Once you reach the line with "We validate the" below, copy each line exactly, stopping after the line with "Luxurious panna cotta", and skip any pictures.

(Dataset records)
────────────────────────────────────────
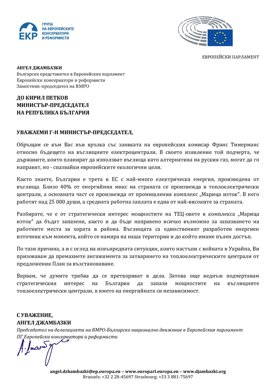 По тази причина, а и с оглед на извънредната ситуация, която настъпи с войната в Украйна Ви призовавам да премахнете ангажимента за затварянето на топлоелектрическите централи от предложения План за възстановяване, приключва писмото си към министър-председателя Кирил Петков евродепутатът Ангел Джамбазки.
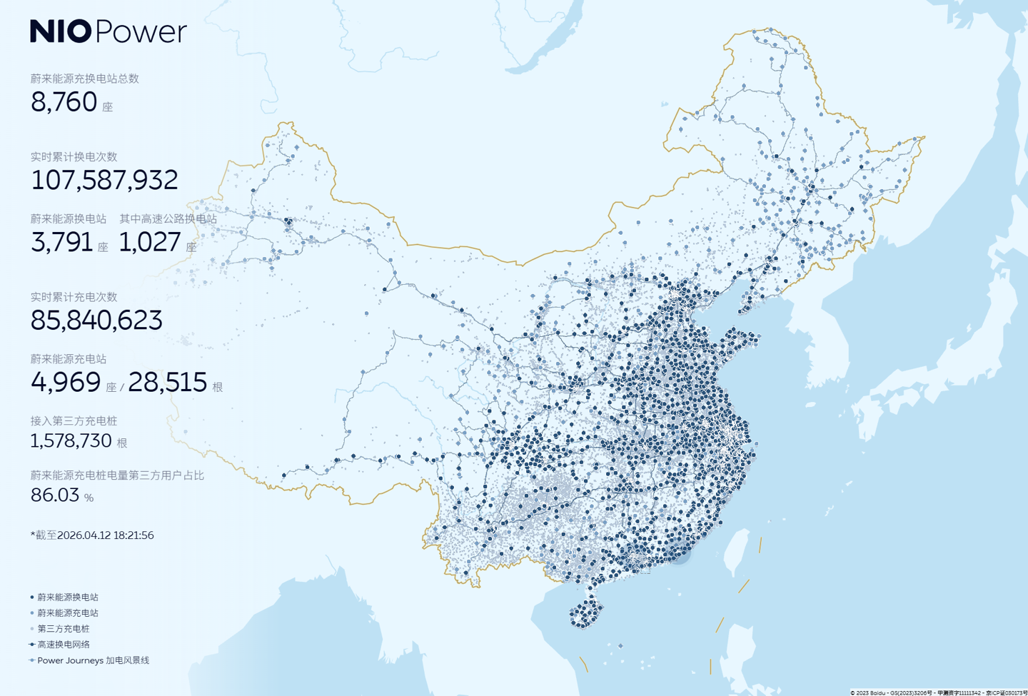 目前,蔚来能源充换电站总数已达到 8760 座:蔚来能源换电站 3791 座,其中高速公路换电站 1027 座;蔚来能源充电站 4969 座,接入第三方充电桩 1578730 根。
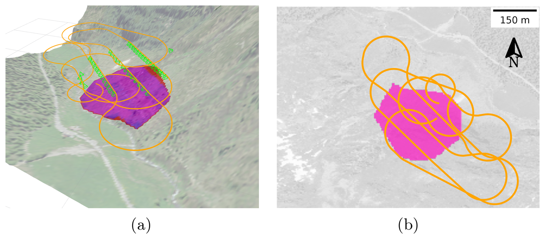 We validate the system in a real-world field test, where the vehicle is deployed in alpine terrain to map an avalanche deposit in Davos, Switzerland (Fig. 10). We demonstrate a case where the vehicle is trying to map a single ROI when the vehicle has arrived at one of the loiter points. While this experiment does not include the route optimization and mapping of multiple ROI, the crucial functionalities such as safe navigation and path following are demonstrated through the single ROI mapping experiment.
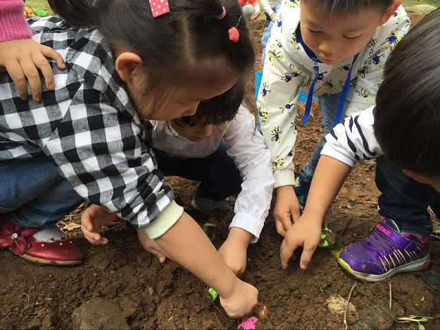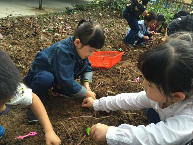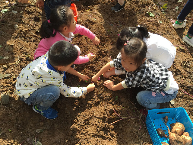 慢慢的孩子们发现想靠一个人的力量挖出红薯需要花费很长时间。孩子们先学会了合作。团结就是力量!
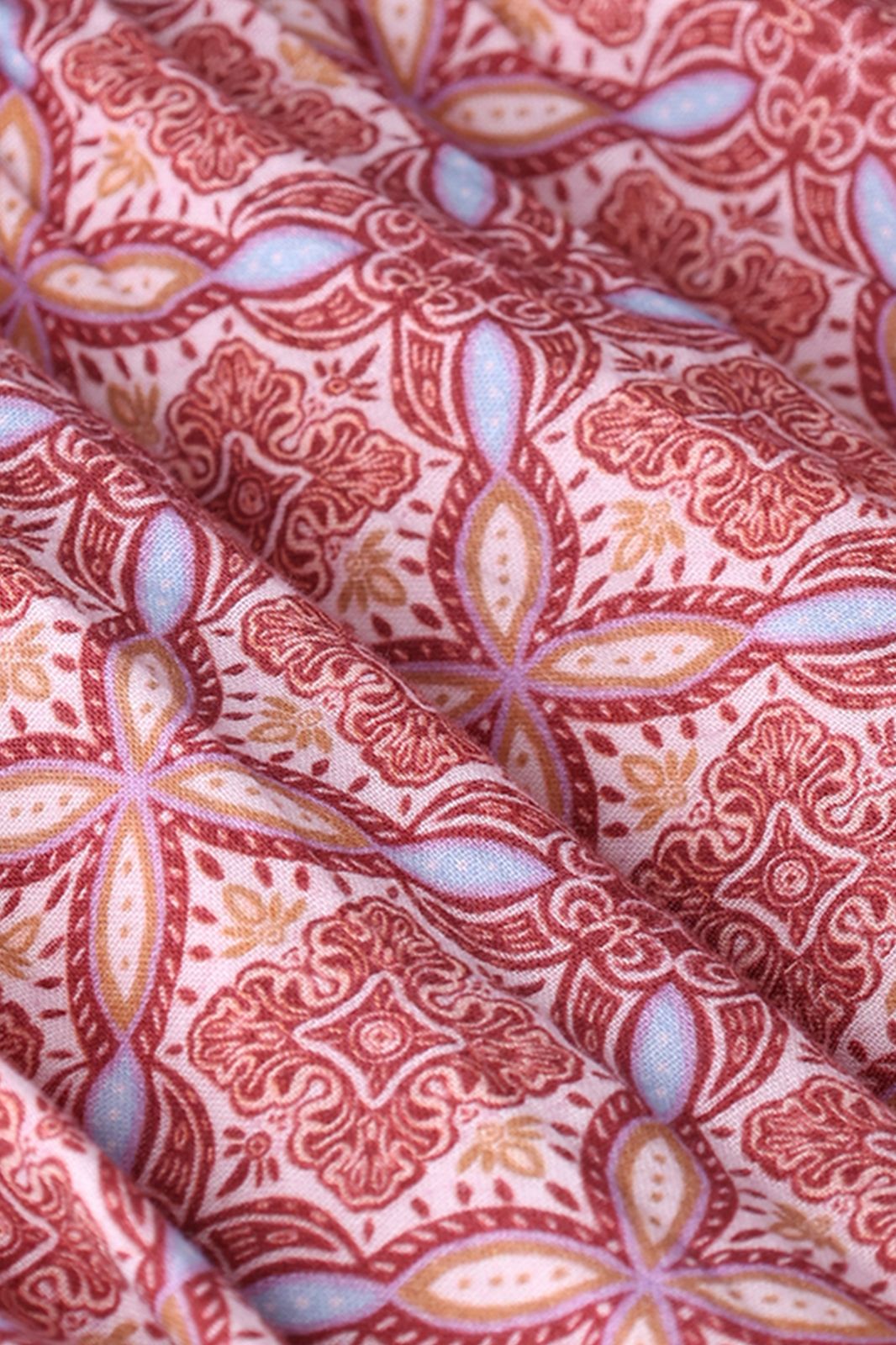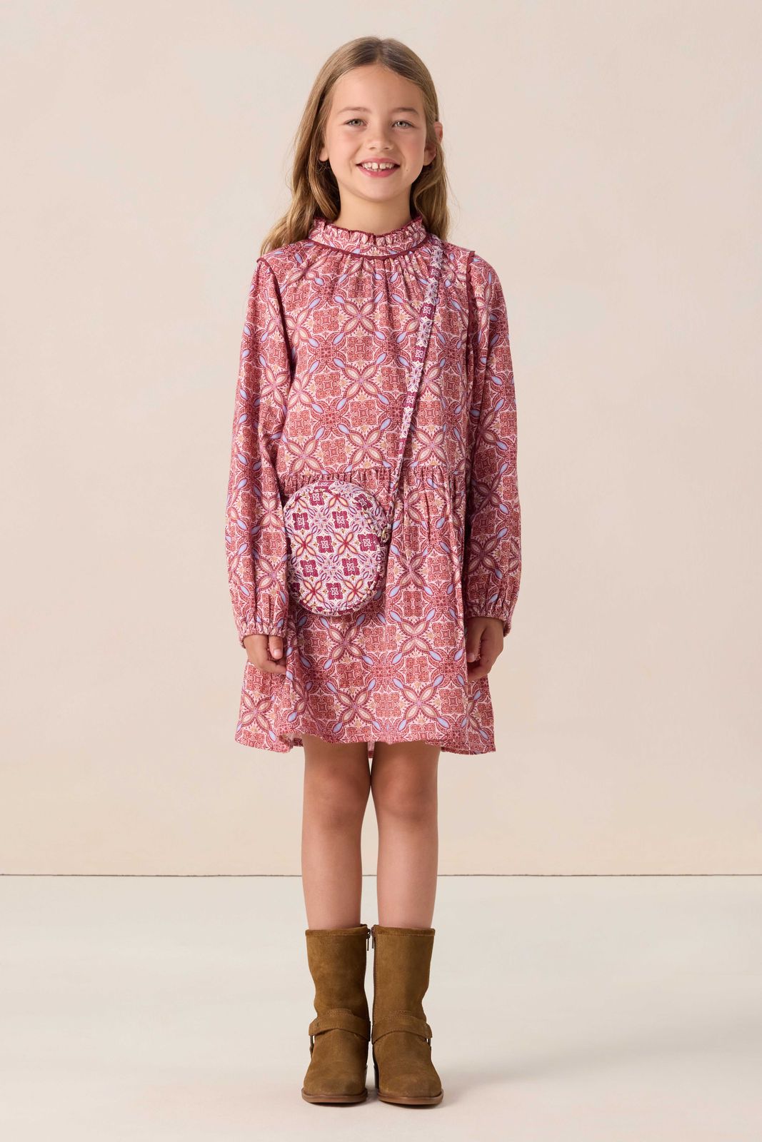 Donkerrode jurk met print van Sissy-Boy. De jurk heeft lange mouwen, een hoge halslijn, een korte a-lijn model en een knoopsluiting op de achterzijde. Daarnaast heeft het artikel een donkerrode kleur met een bohemian all-over print. Materiaal: 100% katoen.
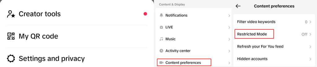 - Aşağı kaydırın ve dokununİçerik Tercihleri.
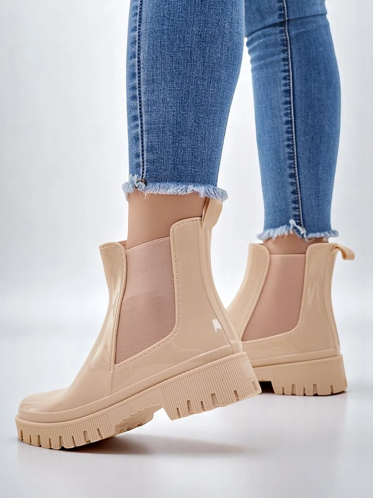 • Klasické dámske gumáky vyrobené z gumového materiálu s lakovaným povrchom. Stielka je vyrobená z textilného materiálu. Obuv je ideálna na daždivé jesenné dni!
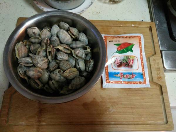 1、准备材料:蚬子1斤、辣酱1袋、色拉油适量。
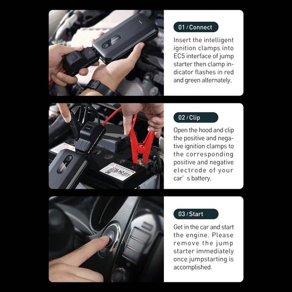 Baseus powerbank Power Starter Jump Starter urządzenie rozruchowe booster 10000mAh 12V (1000A / 500A) + kable krokodylki czarny (CGNL020101)
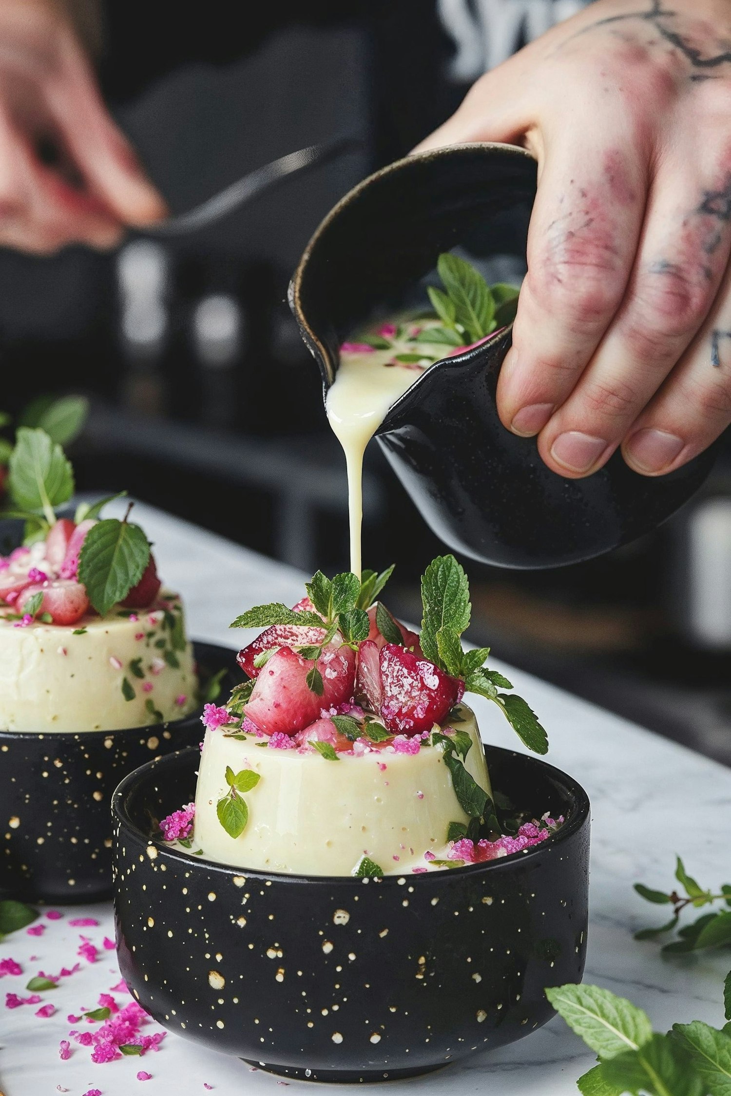Luxurious panna cotta with strawberries and mint, drizzled with creamy sauce. A tattooed hand adds a touch of elegance.
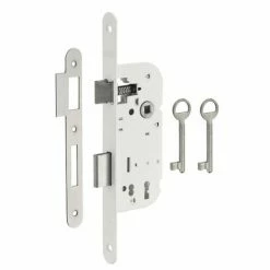 Coffre acier embouti. Têtière acier. Demi-tour alliage réversible sans démontage du coffre. Pêne acier. Gâche plate acier. Carré 7mm, entr’axe 70 mm. 1 clé. 6 variures.- Dimension : 59x135mm
────────────────────────────────────────
▶ **Output below**
 We validate the system in a real-world field test, where the vehicle is deployed in alpine terrain to map an avalanche deposit in Davos, Switzerland (Fig. 10). We demonstrate a case where the vehicle is trying to map a single ROI when the vehicle has arrived at one of the loiter points. While this experiment does not include the route optimization and mapping of multiple ROI, the crucial functionalities such as safe navigation and path following are demonstrated through the single ROI mapping experiment.
 慢慢的孩子们发现想靠一个人的力量挖出红薯需要花费很长时间。孩子们先学会了合作。团结就是力量!
 Donkerrode jurk met print van Sissy-Boy. De jurk heeft lange mouwen, een hoge halslijn, een korte a-lijn model en een knoopsluiting op de achterzijde. Daarnaast heeft het artikel een donkerrode kleur met een bohemian all-over print. Materiaal: 100% katoen.
 - Aşağı kaydırın ve dokununİçerik Tercihleri.
 • Klasické dámske gumáky vyrobené z gumového materiálu s lakovaným povrchom. Stielka je vyrobená z textilného materiálu. Obuv je ideálna na daždivé jesenné dni!
 1、准备材料:蚬子1斤、辣酱1袋、色拉油适量。
 Baseus powerbank Power Starter Jump Starter urządzenie rozruchowe booster 10000mAh 12V (1000A / 500A) + kable krokodylki czarny (CGNL020101)
Luxurious panna cotta with strawberries and mint, drizzled with creamy sauce. A tattooed hand adds a touch of elegance.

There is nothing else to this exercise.